### DATA SHOWN
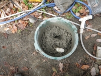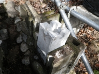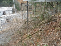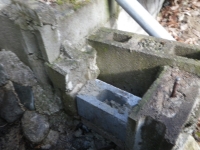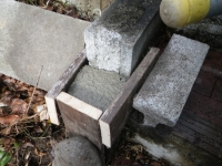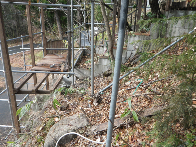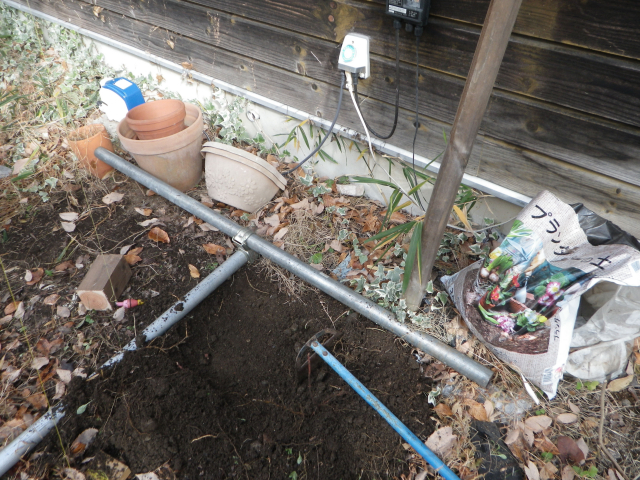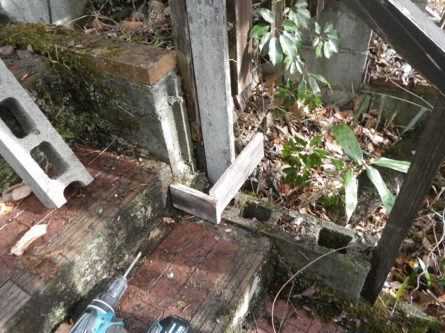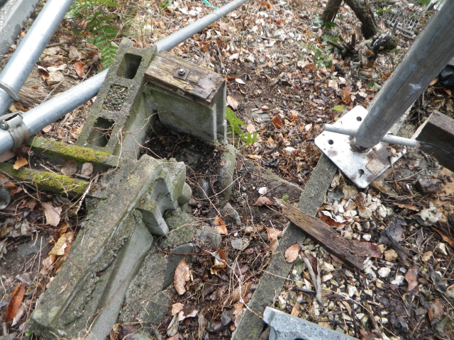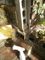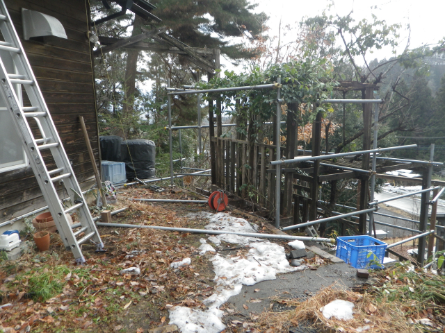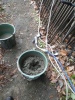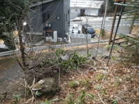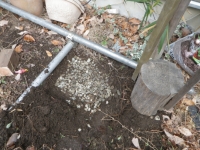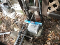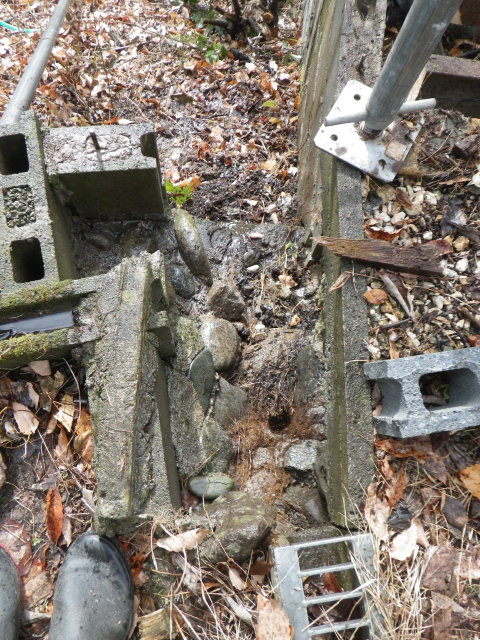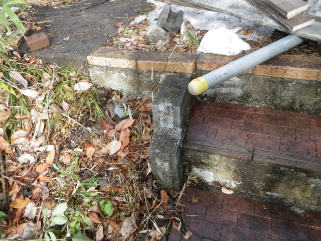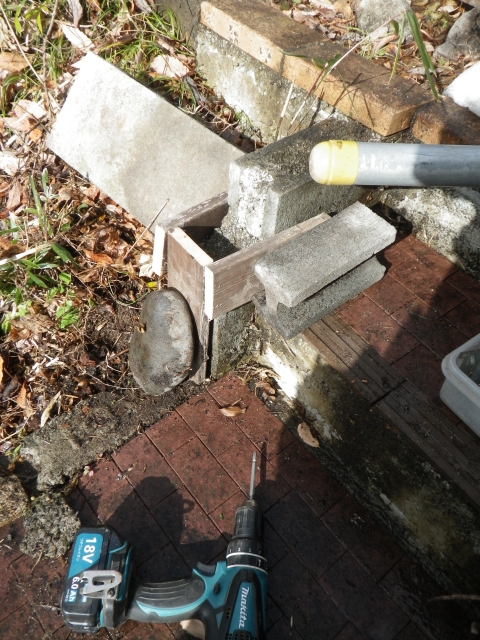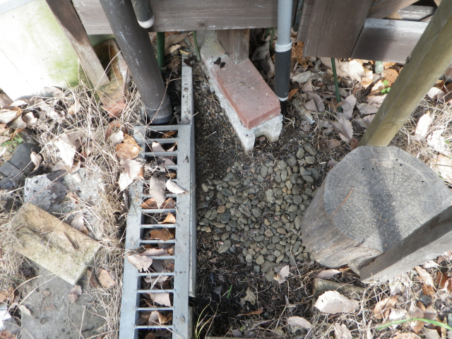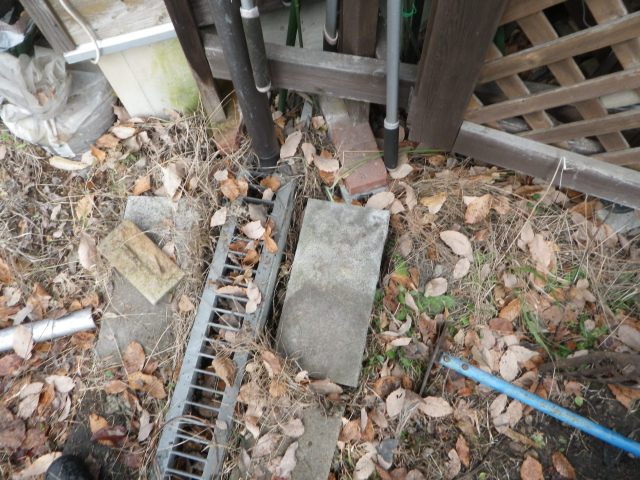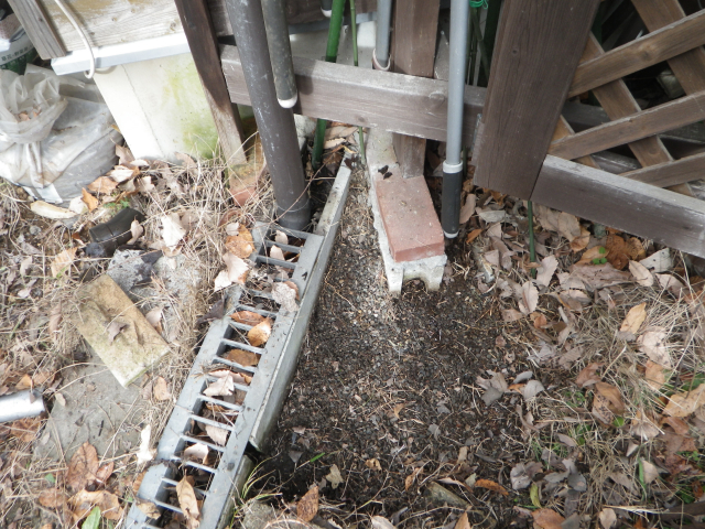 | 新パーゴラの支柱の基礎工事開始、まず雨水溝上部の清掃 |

--

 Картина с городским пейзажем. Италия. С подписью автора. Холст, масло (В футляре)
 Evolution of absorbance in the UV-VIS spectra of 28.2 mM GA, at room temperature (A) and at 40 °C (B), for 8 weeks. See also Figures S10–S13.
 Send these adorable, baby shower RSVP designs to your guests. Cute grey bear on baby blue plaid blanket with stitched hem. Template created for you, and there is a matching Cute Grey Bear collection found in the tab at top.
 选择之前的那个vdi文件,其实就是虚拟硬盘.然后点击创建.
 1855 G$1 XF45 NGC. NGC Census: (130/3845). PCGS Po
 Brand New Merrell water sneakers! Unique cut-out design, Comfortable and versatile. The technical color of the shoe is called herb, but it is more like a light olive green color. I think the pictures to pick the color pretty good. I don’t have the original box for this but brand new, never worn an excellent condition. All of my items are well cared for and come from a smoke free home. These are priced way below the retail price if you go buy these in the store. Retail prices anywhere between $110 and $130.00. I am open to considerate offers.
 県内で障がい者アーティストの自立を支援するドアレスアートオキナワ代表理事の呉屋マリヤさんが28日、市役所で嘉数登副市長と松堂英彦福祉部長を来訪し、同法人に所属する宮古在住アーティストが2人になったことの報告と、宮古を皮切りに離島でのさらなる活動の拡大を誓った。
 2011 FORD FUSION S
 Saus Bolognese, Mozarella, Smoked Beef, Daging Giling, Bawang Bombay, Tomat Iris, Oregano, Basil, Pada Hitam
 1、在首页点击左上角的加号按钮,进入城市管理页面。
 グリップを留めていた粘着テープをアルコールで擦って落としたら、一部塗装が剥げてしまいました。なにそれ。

### EXERCISE AIM
In the listing above, find the line with "2011 FORD FUSION S" and the line with "グリップを留めていた粘着テー". Output those two lines and every line between them, exactly as written.

### FINISHED TASK
 2011 FORD FUSION S
 Saus Bolognese, Mozarella, Smoked Beef, Daging Giling, Bawang Bombay, Tomat Iris, Oregano, Basil, Pada Hitam
 1、在首页点击左上角的加号按钮,进入城市管理页面。
 グリップを留めていた粘着テープをアルコールで擦って落としたら、一部塗装が剥げてしまいました。なにそれ。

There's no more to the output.